ZTE launches smartphone with retina scanning for authentication

ZTE Grand S3
LOOK INTO MY EYES: The ZTE Grand S3 unlocks after checking the user’s retinas

ZTE‘s latest Android smartphone will let owners unlock it by scanning their retinas with a built-in biometric solution from EyeVerify. Today the Eyeprint ID solution is only a device unlocking mechanism but it could soon be used for other services, including to authenticate mobile payments and to unlock sensitive mobile apps including mobile banking, the company’s Waiman Lam revealed to NFC World.
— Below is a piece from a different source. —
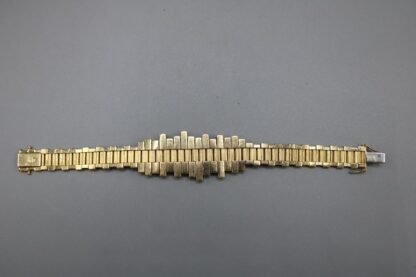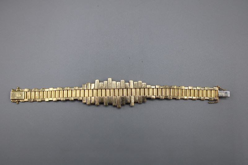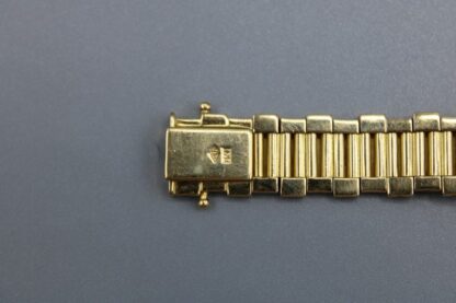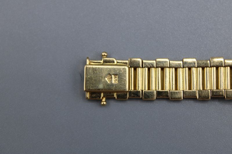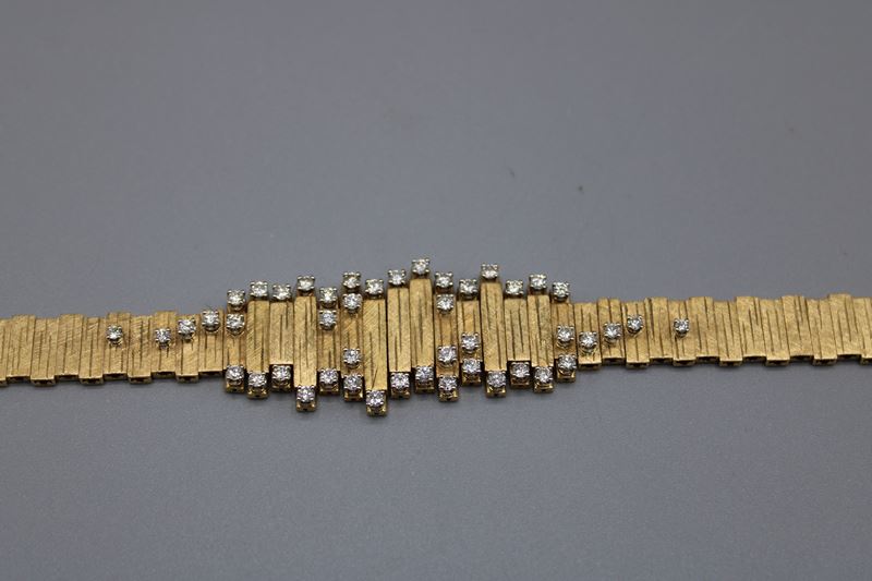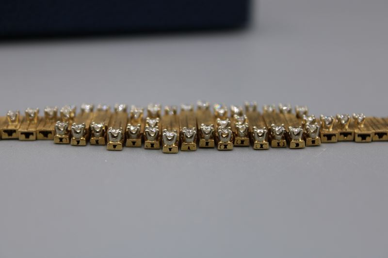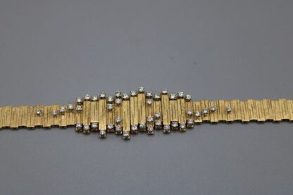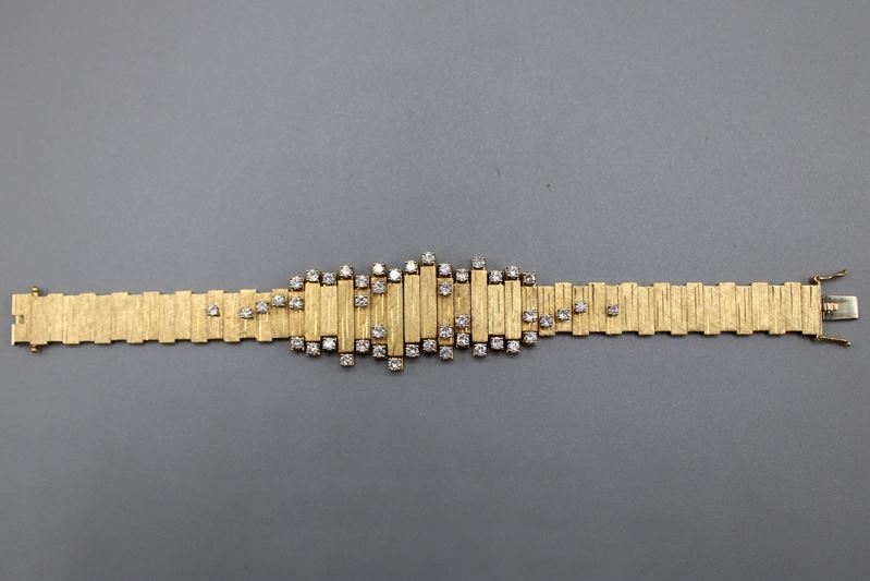 46 Brillanten zus. ca. 3,7 ct., Länge ca. 18,3 cm, Breite mittig ca. 2,2 cm außen ca. 1,1 cm, 66,8 g

“Right now we just launched this, the only demo is to unlock the device but, obviously, we think the eye retina is very secure as a biometric way of getting into your device — maybe the most secure,” Lam, senior director for technology and partnership strategy and marketing at ZTE Mobile Devices, explained. “You have a lot of stuff in your phone, applications that might be sensitive like a bank account.

“Wouldn’t it be nice to, instead of typing in your password to get into that mobile banking app every single time, you just use the retina eye scanning to get in? To make a mobile payment, you want to make sure that it is really you that’s making the payment. Wouldn’t it be nice to do that with the eye scanning, to authenticate that you are really the buyer?”

The EyePrint ID feature works by “imaging unique vein patterns in the human eye using the Grand S3’s eight megapixel front-facing camera,” ZTE says. It will feature in all upcoming ZTE Grand devices and is soon to be rolled out to other countries following its launch in China.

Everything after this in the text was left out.